The West Point Foundry Association

Figure 18.—Early drawing of Best Friend of Charleston, built in 1830.

The scene is now shifted to South Carolina and New York. The West Point Foundry Association, situated in New York City, had been the location of a stationary demonstration under steam of the blocked-up Stourbridge Lion on May 28, 1829, shortly after it was unloaded from the ship that brought it from Liverpool. The Association soon thereafter built a locomotive ([figure 18]) for the South-Carolina Canal and Rail-Road Co., which was building a line from Charleston to Hamburg, S. C., just across the Savannah River from Augusta, Ga. Prior to its adoption of the steam locomotive, the railroad had used horses to draw its cars, and had even experimented with a wind-propelled sail car.

The locomotive, the Best Friend of Charleston, which was to become the first to operate on a regularly scheduled run in this country, was constructed at a cost of $4,000 in the summer of 1830, and arrived at Charleston on October 23 of that year, on the ship Niagara. The same Horatio Allen who had tested the Stourbridge Lion for the Delaware and Hudson had become chief engineer of the South-Carolina Canal and Rail-Road Co. and was one of those responsible for the plans of the Best Friend.

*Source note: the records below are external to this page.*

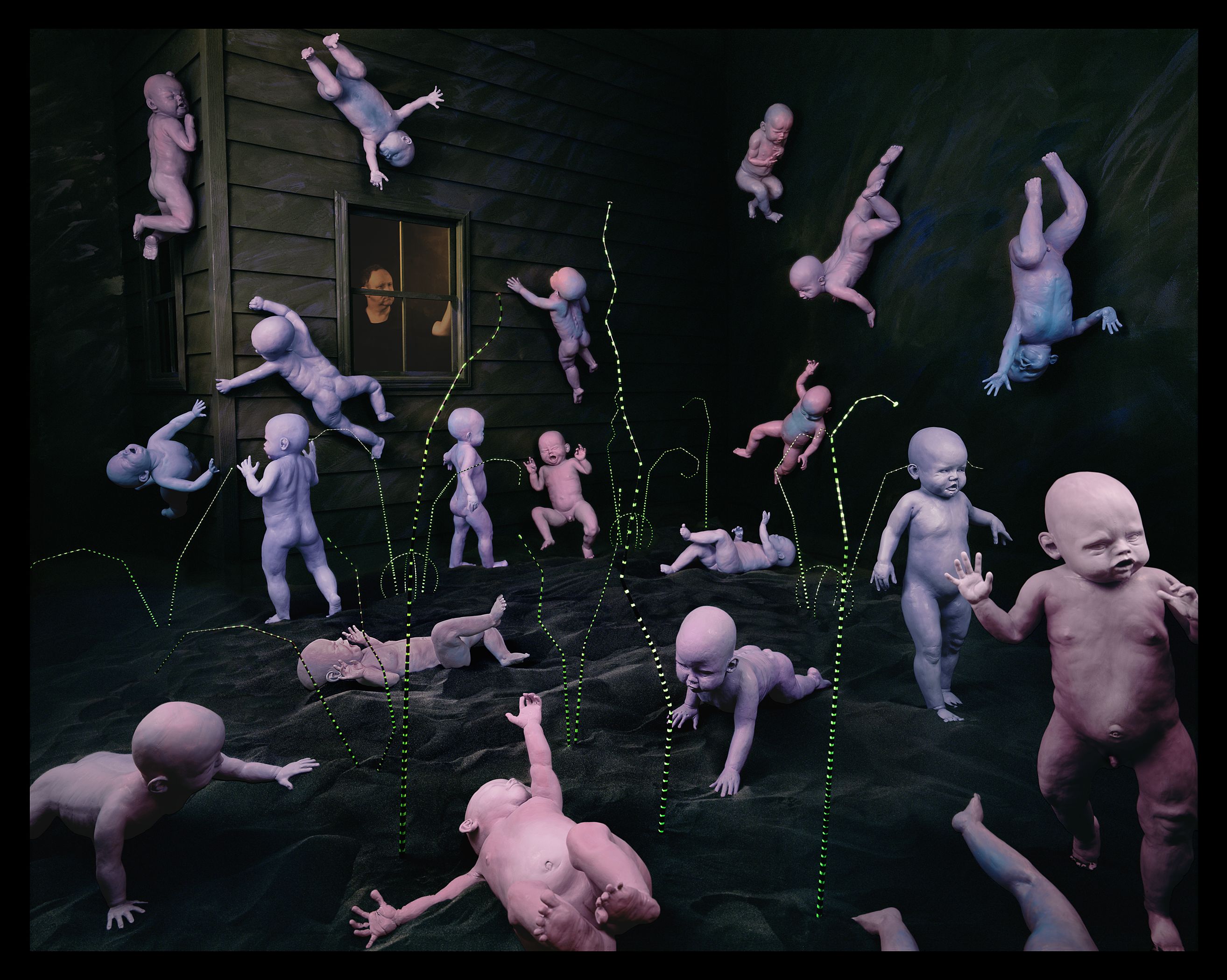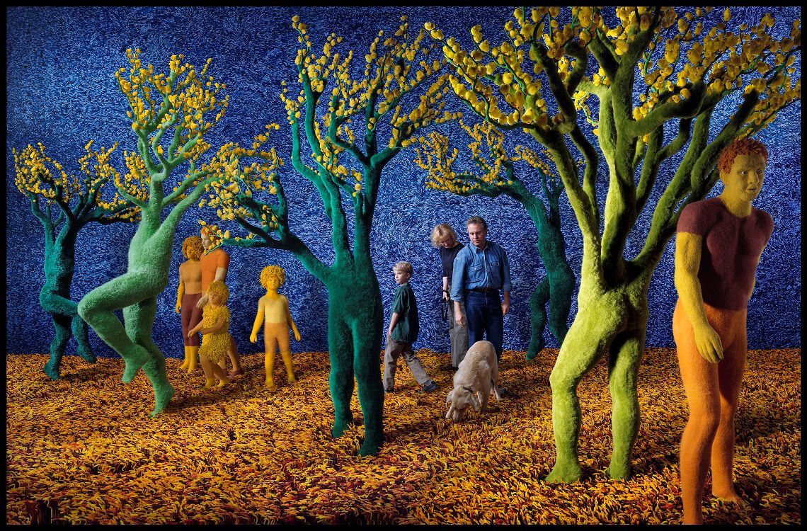 Sandy Skoglund attraverso le sue scenografie create manualmente, ci trasporta in un mondo surreale e fantastico, le sue opere sono caratterizzate da una straordinaria quantità di oggetti, di forme e di colori.
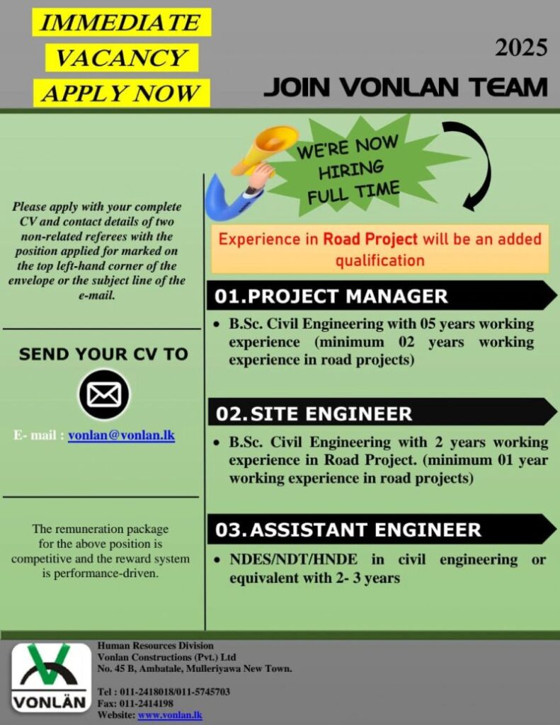Send your CV :- vonlan@vonlan.lk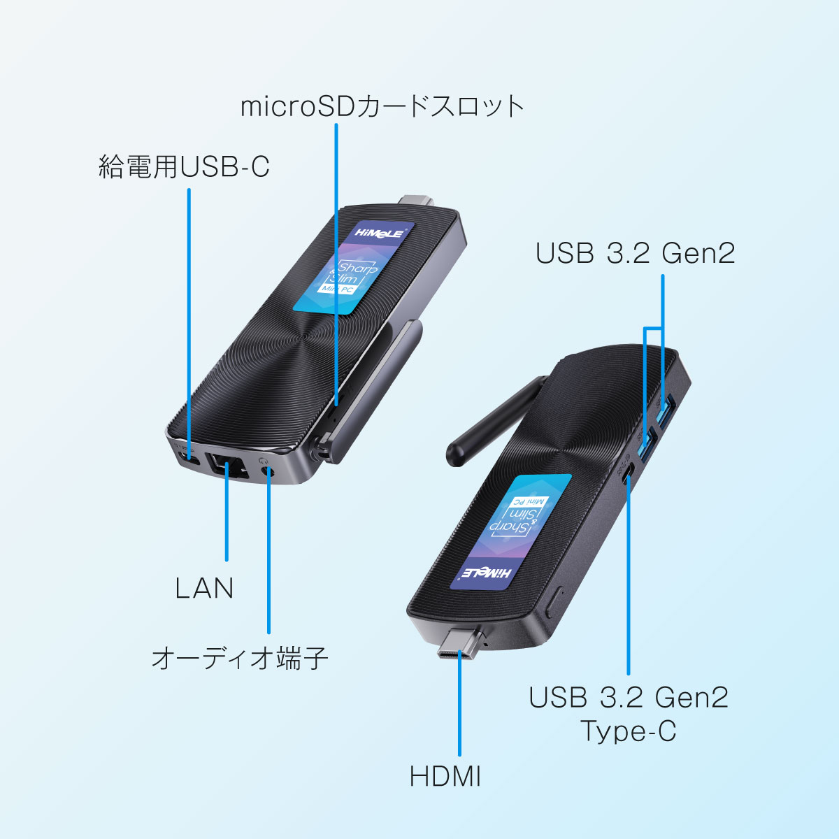 HiMeLE(ハイメレ) PCG02は、Intel(R) Processor N100を搭載したスマホサイズのスティック型ファンレスミニPCです。わずか16 mmの薄さでありながら4コア4スレッド、最大3.4 GHz動作のCPUを搭載しています。HDMIとUSB-C端子を搭載し、リモートワークや出張先での使用などPC本体を持ち運んでの運用も可能です。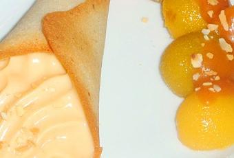 Ajouter quelques fruits pour le côté "fruité" (mirabelles au sirop, poires ou pommes pochées au sirop) et les napper d'un peu de caramel au beurre salé.

Local machinists at Charleston were hired to reassemble the locomotive and prepare it for its first trial, but when the run was made on November 2, 1830, the wheels were discovered to be unsatisfactory. They were replaced by sturdier ones, and following a subsequent test on December 9, the locomotive was accepted. After several more experimental runs, some with passengers, the official first run, carrying 141 persons, finally took place on Christmas Day 1830.

Notice of the coming event had been published the previous day, so it became the first steam railroad train run scheduled by “timetable” to be made in the Western Hemisphere. All previous locomotive operations on this side of the Atlantic had been purely experimental—for test or demonstration purposes. At the time of this run the tracks of the railroad extended only about 6 miles out of Charleston, but by October 3, 1833, the full 136 miles to Hamburg had been completed. The South-Carolina Canal and Rail-Road was then the longest continuous railroad in the world (see [figure 19]).

A description of the Best Friend by David Matthew, who in 1830 had been foreman of the West Point Foundry Association, is contained in a letter he wrote in 1859 to the historian William H. Brown. Later quoted by Brown in his “History of the First Locomotives in America,” the letter says in part:

The Best Friend was a four-wheel engine, all four wheels drivers. Two inclined cylinders at an angle, working down on a double crank, inside of the frame, with the wheels outside of the frame, each wheel connecting together outside, with outside rods. The wheels were iron hub, wooden spokes and felloes, with iron tire, and iron web and pins in the wheels to connect the outside rods to.

The boiler was a vertical one, in form of an old-fashioned porter-bottle, the furnace at the bottom surrounded with water, and all filled inside full of what we called teats, running out from the sides and top, with alternate stays to support the crown of the furnace; the smoke and gas passing out through the sides at several points, into an outside jacket; which had the chimney on it. The boiler sat on a frame upon four wheels, with the connecting-rods running by it to come into the crankshaft. The cylinders were about six inches in the bore, and sixteen inches’ stroke. Wheels about four and a half feet in diameter. The whole machine weighed about four and a half tons.

Figure 19.—In 1833 the South-Carolina Canal and Rail-Road was the longest continuous railroad in the world.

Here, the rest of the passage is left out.